这其中有一个很有用的教训,那就是在一个领域中的技能,并不会真正迁移到其他所有领域。

And there's a useful lesson in that, which is that skill in one domain doesn't really carry over to every other.

Speaker 2

我认为我在管理投资情绪方面非常出色,但在管理自己的情绪倾向方面却很差。

I think I'm very good at managing my investment emotions, but I'm really bad at managing my tendency emotions.

Speaker 2

但话说回来,投资归根结底是一场心理博弈,因为我们在这个金融市场中竞争的每个人,所拥有的资源几乎都是一样的。

But look, investing is above all else a head game because everyone we're competing with in the financial markets has pretty much the same resources at their disposal.

Speaker 2

在美国实施Reg FD之后,没有分析师能比其他分析师更早获得内部消息。

After Reg FD in The United States, no analyst really gets some inside scoop before some other analyst.

Speaker 2

每个人都拥有彭博终端,每个人都阅读《华尔街日报》,股票报价是即时的,全球有大约18万CFA持证人。
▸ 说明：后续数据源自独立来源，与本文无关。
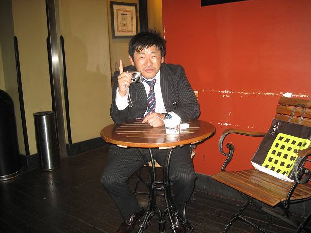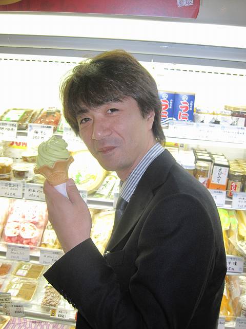東條先生。後ろにいるのは坂本店長かな。

Everybody has a Bloomberg machine, everybody reads the Wall Street Journal, stock quotes are instantaneous, there's a 100, whatever it is, 180,000 CFAs around the world.

Speaker 2

这是一个难以置信的竞争市场。

It's an unbelievably competitive marketplace.

Speaker 2

那么,是什么让卓越者与优秀者区分开来呢?

So what would distinguish the greats from the very goods?

Speaker 2

这几乎必须是他们从外部带来的东西——也就是他们自己的品格。

It kinda has to be something they're bringing in from outside, which is their own character.

Speaker 2

如果你想变得卓越,你就必须像管理投资组合一样,投入大量精力来培养自己的品格。

And if you wanna be great, you're gonna have to put as much effort into cultivating your character as you do into managing your portfolio.

Speaker 1

威廉,你曾花了几年时间帮助丹尼尔·卡尼曼——那位你之前提到的诺贝尔奖得主,当时他正在撰写《思考,快与慢》这本书。

William You spent a couple of years helping Danny Kahneman, the Nobel laureate who you mentioned before when he was first working on his book, Thinking Fast and Slow.

Speaker 1

显然,卡尼曼是关于偏见以及我们如何在做决策时自我破坏的顶尖专家之一。

And obviously Kahneman is one of the great experts on biases and the way that we sabotage ourselves when making decisions.